The service, which employs a number of people through the Future Jobs Fund, is about to be extended, as R oberts explains: “We will provide a one-off maintenance programme for vulnerable people with gardens in a really poor condition which need a big blitz and a monthly service to help vulnerable tenants to stay on top of their gardens but we will also offer a new service that all tenants can opt in to where they can pay a standard amount for fortnightly maintenance such as grass cutting.”

Although the scrapping of the Future Jobs Fund could affect the scheme, Roberts is hopeful that by charging non-vulnerable tenants for maintenance the council can sustain the same level of service. It has also set up a garden sharing scheme to encourage tenants who are struggling to maintain their gardens to share them with the local community to grow local produce, for example.
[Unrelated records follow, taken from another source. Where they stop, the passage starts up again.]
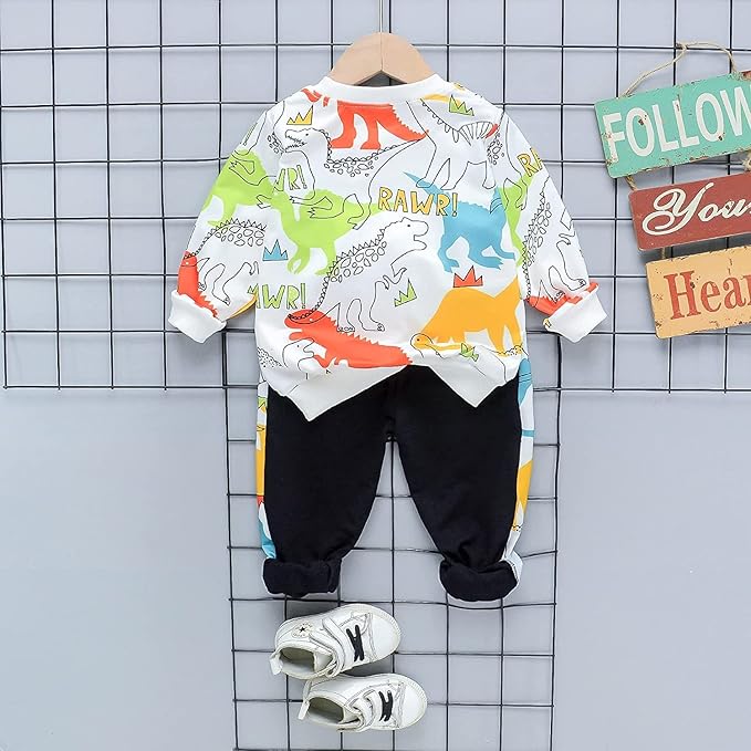 - Items Included – 1 Dino Printed Top , 1Joggers | Cotton Printed sweatshirt for boys and baby boys
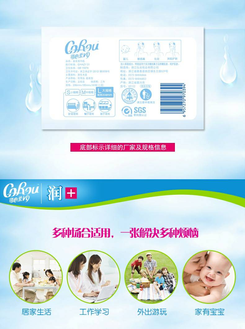 CoRou V9润+系列CoRou云柔系列白色木浆110抽
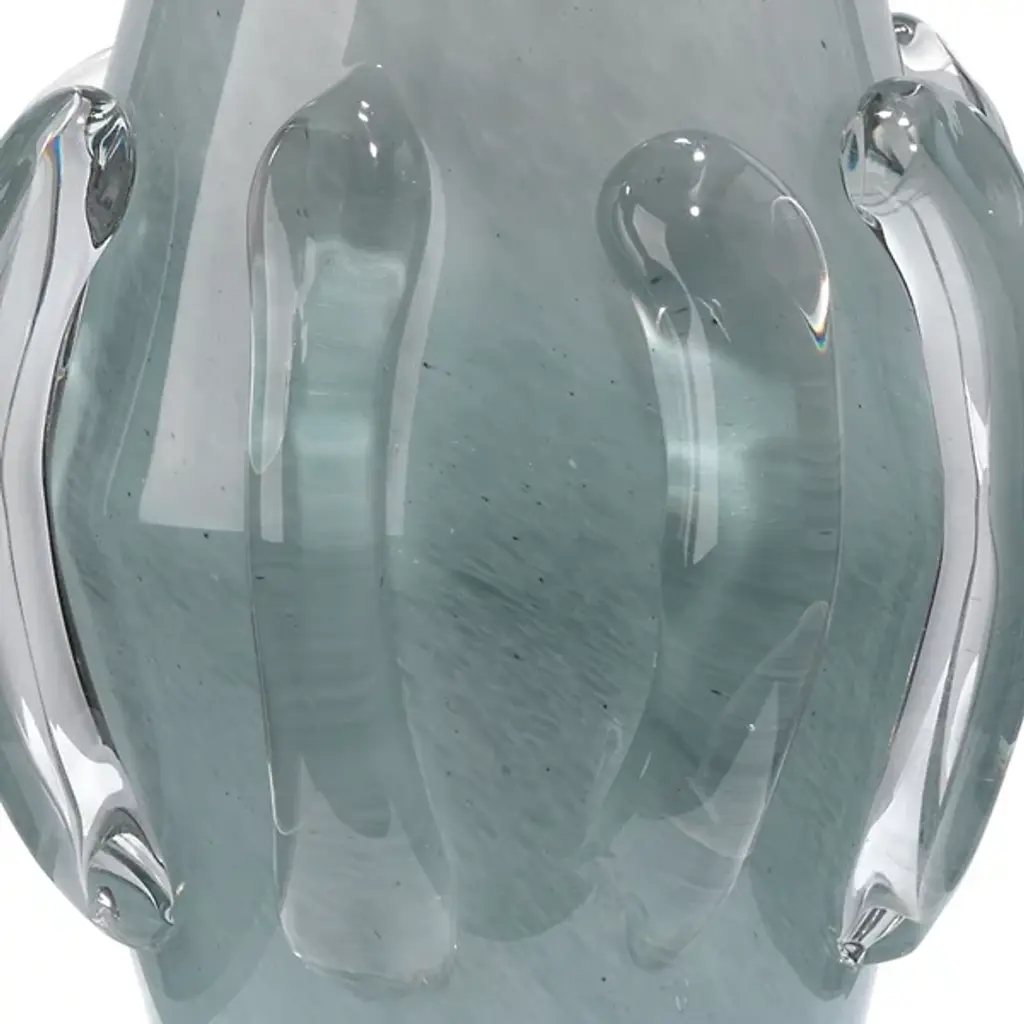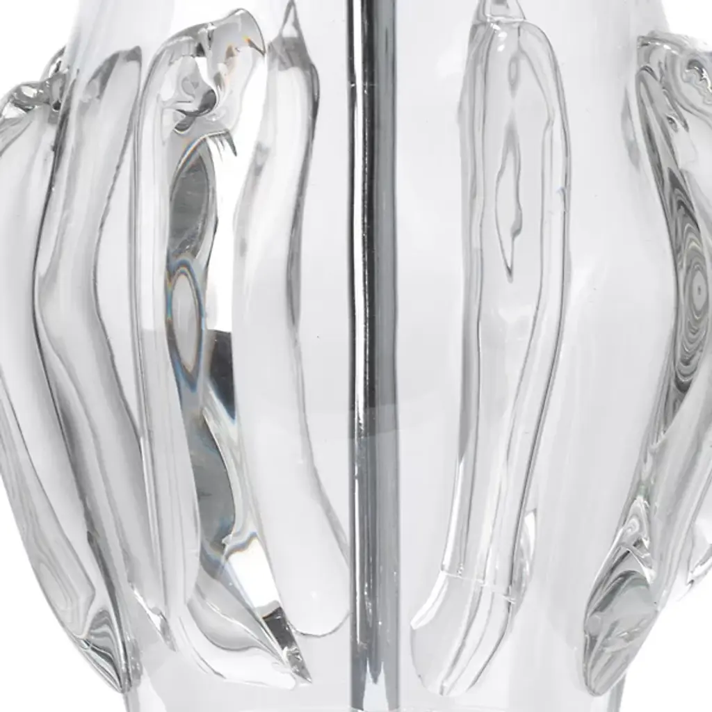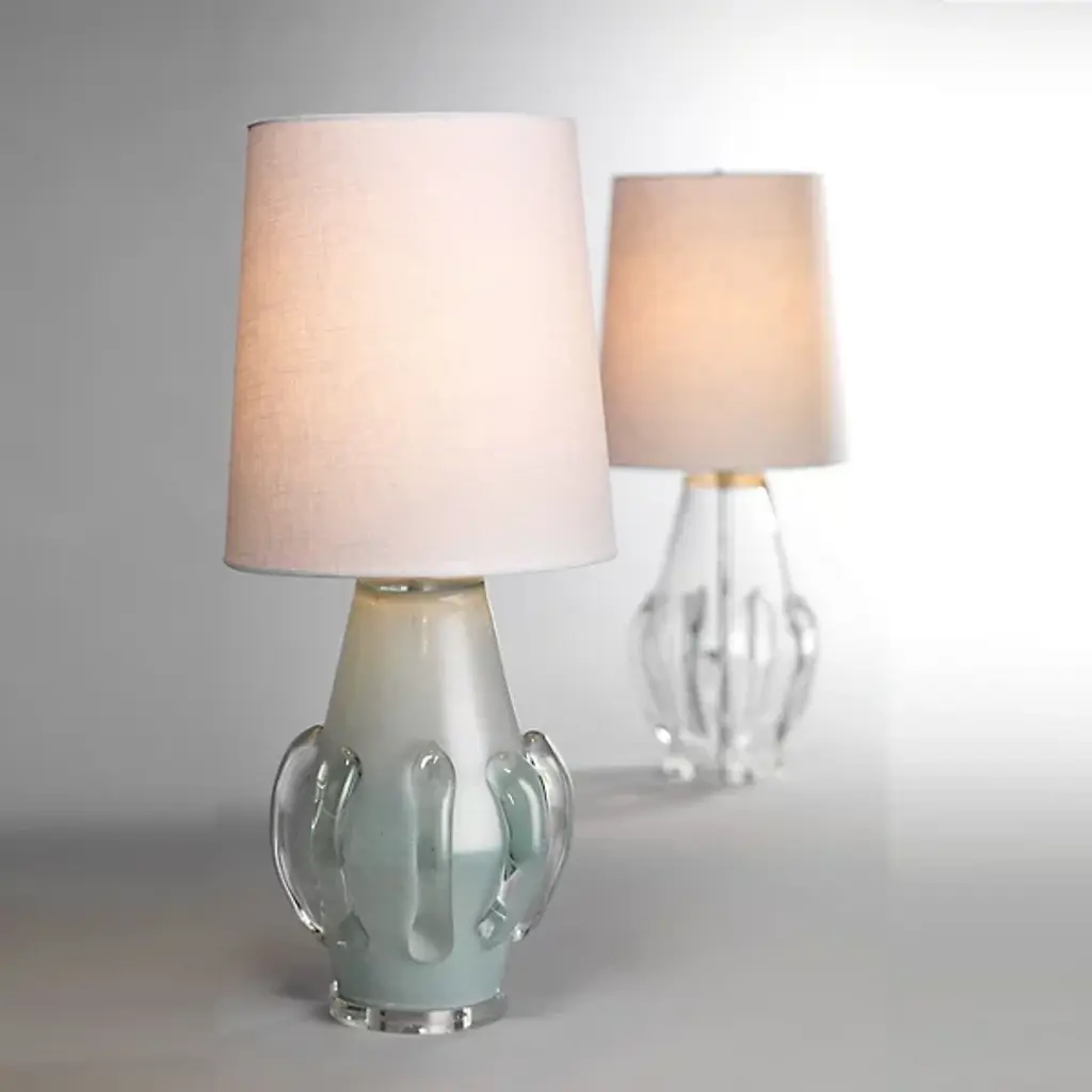 A stylish modern piece sure to elevate the décor of your home. The Talon Table Lamp from Jamie Young starts with a round, acrylic base that mounts an art glass body that slightly angles inward as it leads to a cone-shaped white linen shade. A series of thick, matching glass ribbons connect to the sides of the body for additional visual appeal. The single lamp within the shade emits a bright and even glow that spreads throughout the room.
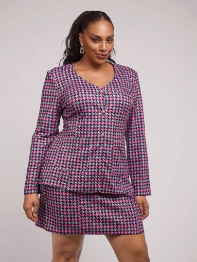 SHEIN Clasi Set de 2 piezas: Blusa de manga larga con botones y estampado y falda para tallas grandes, de moda - Rosa Fucsia - Añade 3
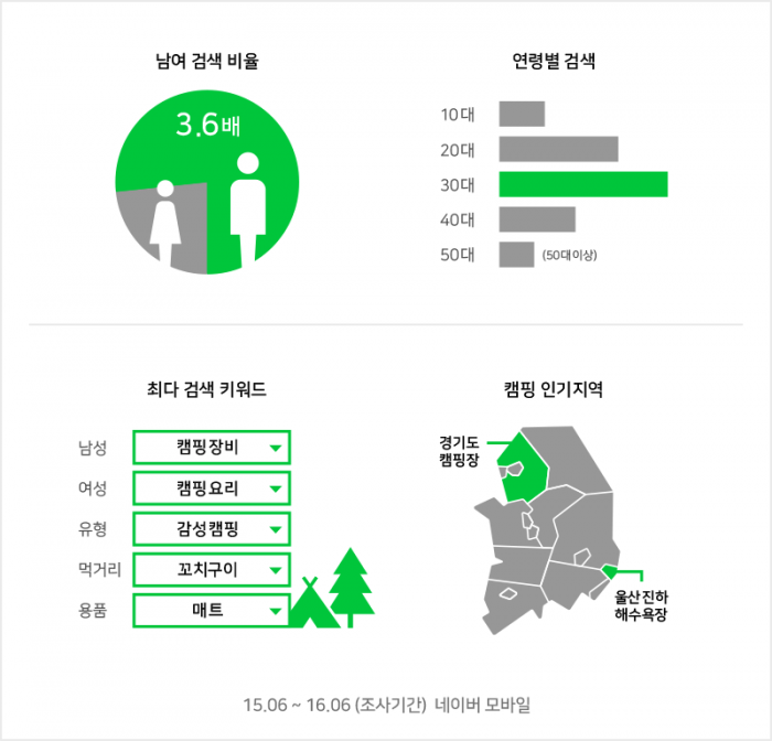 지역별로는 경기도 캠핑에 대한 검색 비중이 가장 높았으며 강원도, 대구, 제주도, 서울이 뒤를 이었다.여름 캠핑 키워드 인포그래픽 <사진제공=네이버>
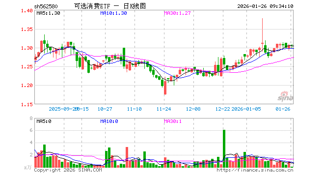 1月26日,可选消费ETF(562580)开盘涨0.15%,报1.307元。可选消费ETF(562580)重仓股方面,美的集团开盘涨0.03%,比亚迪涨0.00%,格力电器涨0.00%,三花智控涨0.00%,福耀玻璃涨0.08%,赛力斯跌0.42%,海尔智家涨0.00%,中国中免跌0.19%,上汽集团涨0.27%,拓普集团涨0.69%。
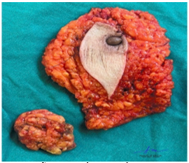 Hình 8: Hình ảnh mô vú sau phẫu thuật cắt bỏ tuyến vú phải cải biên (Patey)
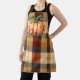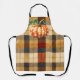 Un heureux citrouille à pois de polka est assis à côté de cet tablier de plaid d'automne. Parfait pour la cuisson à la maison et pendant les vacances comme Thanksgiving.
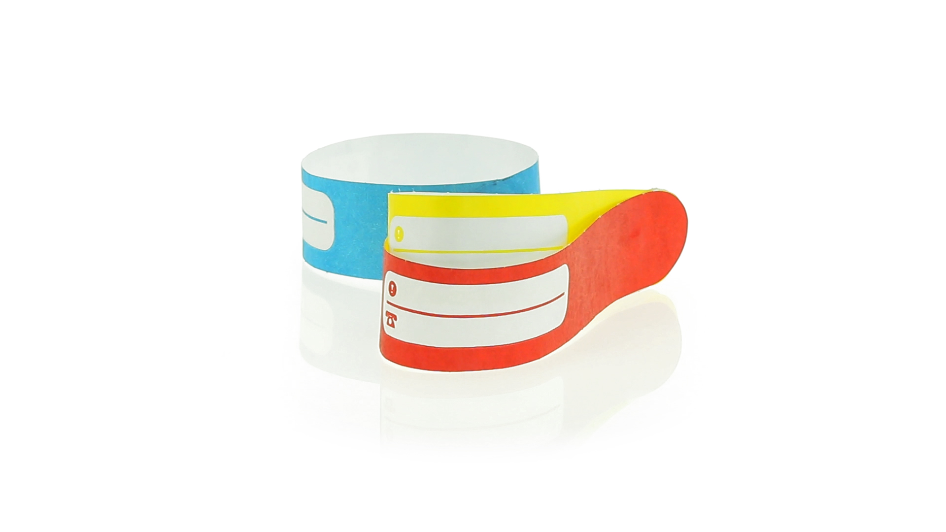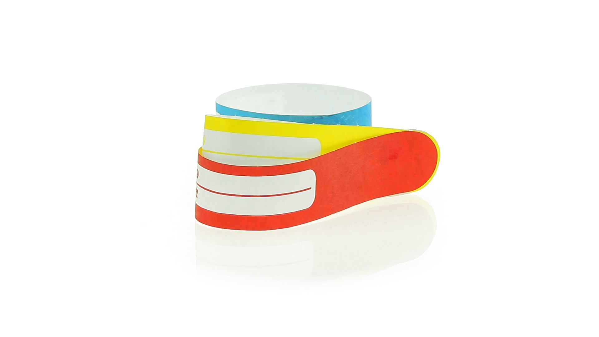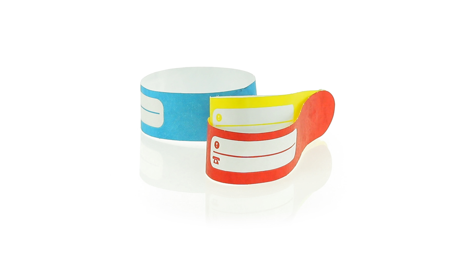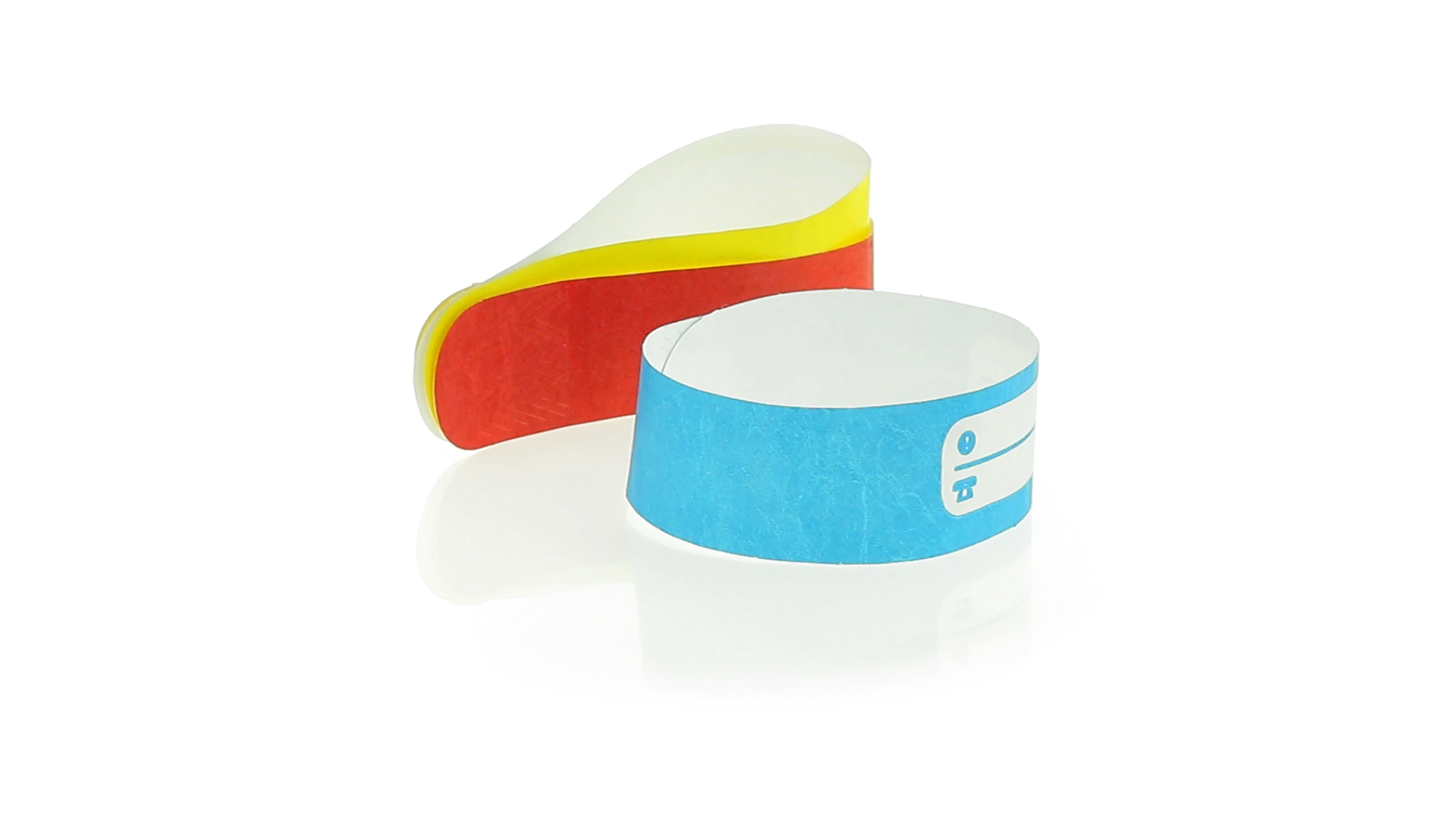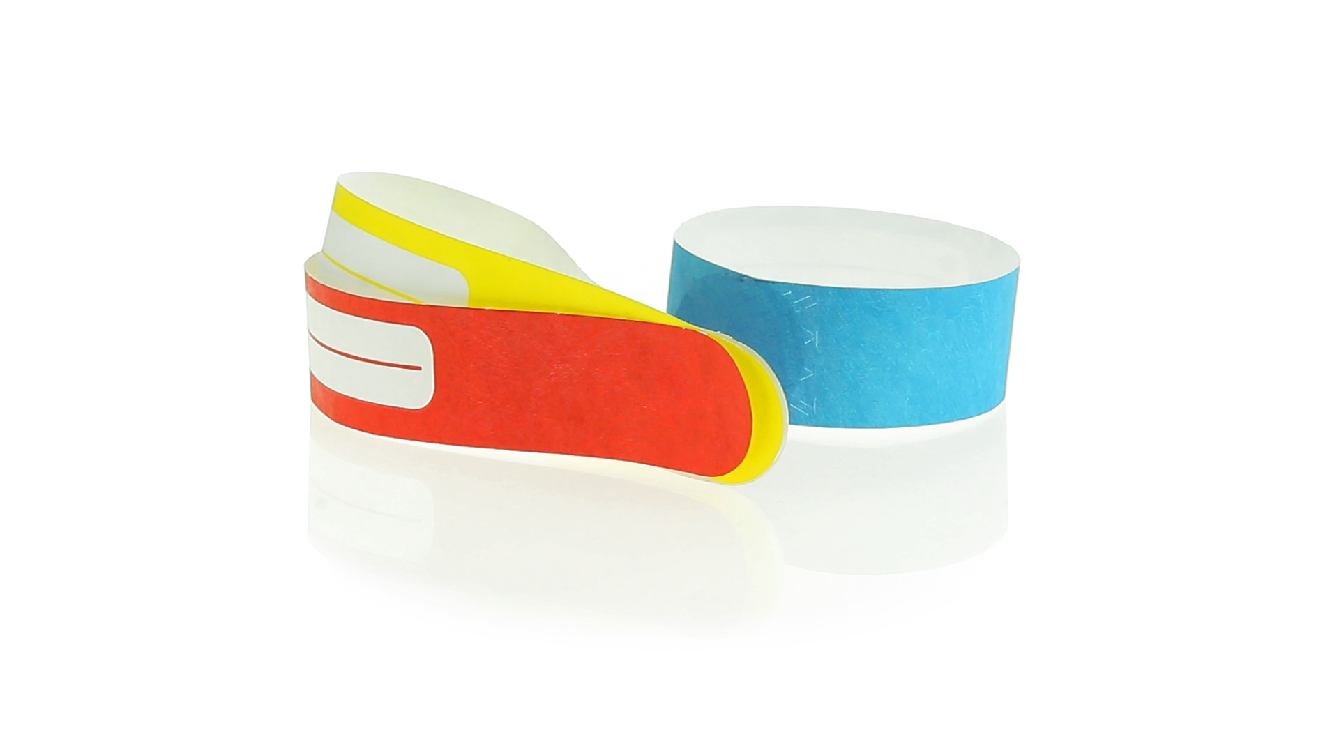 Armband für Kinder aus synthetischer Faser in einer Vielzahl von kräftigen Farben. Mit Identifikationsfeld und Klebeverschluss. Wasserfest und in gestanzten Bögen á 10 Stück für einfaches Bedrucken.
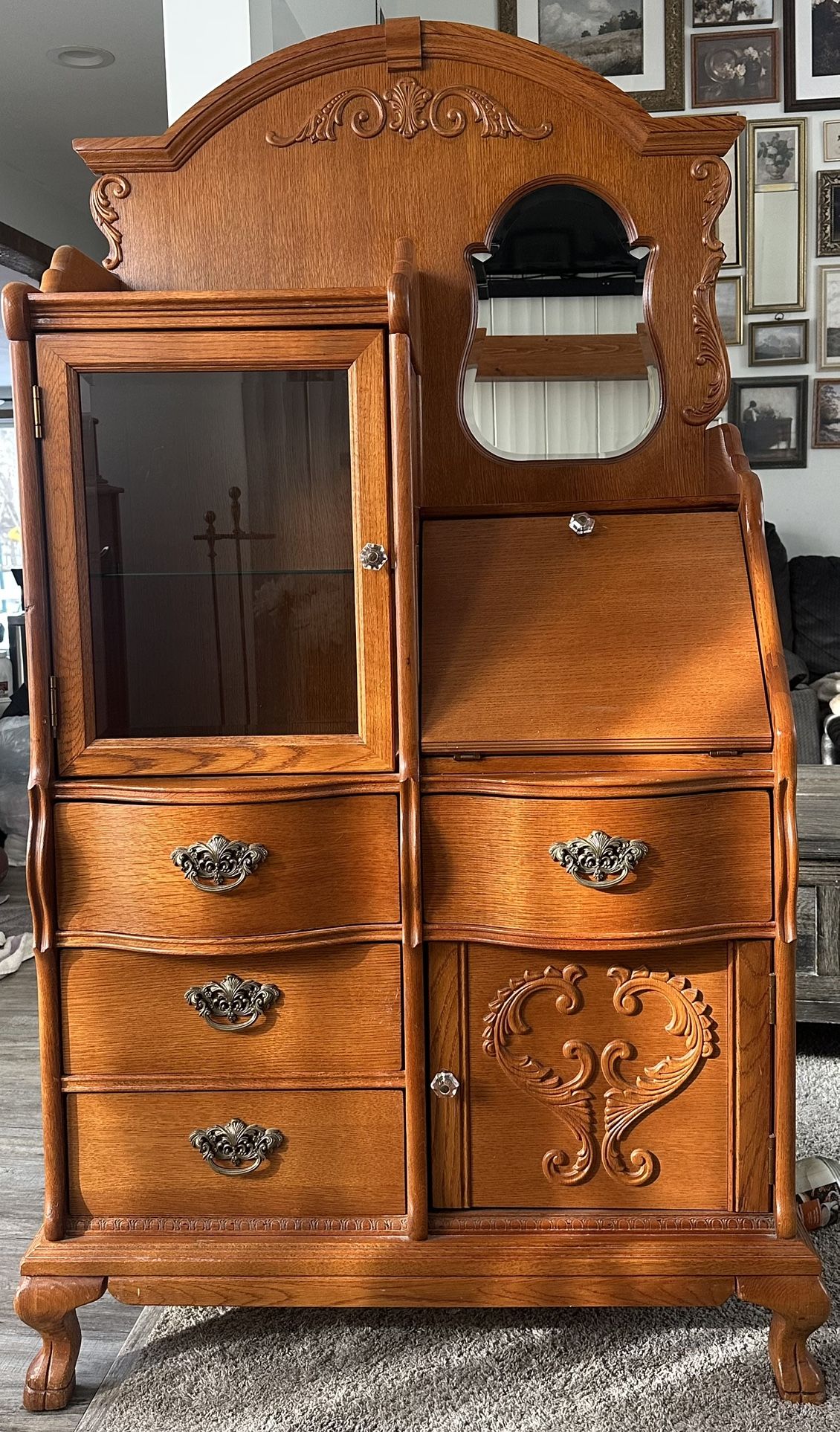 The Lexington Furniture Victorian Sampler Collection is a stunning secretary desk made of wood, brass, and glass. With a Victorian style and antique theme, this desk features intricate carvings, a mirror, and multiple drawers for hidden storage. The swing door mechanism and brass handle add to the vintage charm of this piece, manufactured in the United States during the late 20th century. Measuring 68" in height, 21" in length, and 37.5" in width, this secretary desk is both functional and stylish, making it a standout piece for any home or office

Community work and tenant participation is a big part of what the council does and it is about to embark on its latest community roadshow based around the TSA standards. “I know it is unclear as to what is likely to happen to the TSA at the moment but nonetheless we are working to those standards and want to obtain tenants’ views on how well we are doing against them before we prepare our annual report in October,” explains R oberts.

While there are many challenges ahead, not least potential regulatory reform and financial uncertainty Roberts is upbeat. “There are challenges but also opportunities for us to grow,” he says.

And no matter what comes next North Kesteven District Council and its straw houses will still be standing.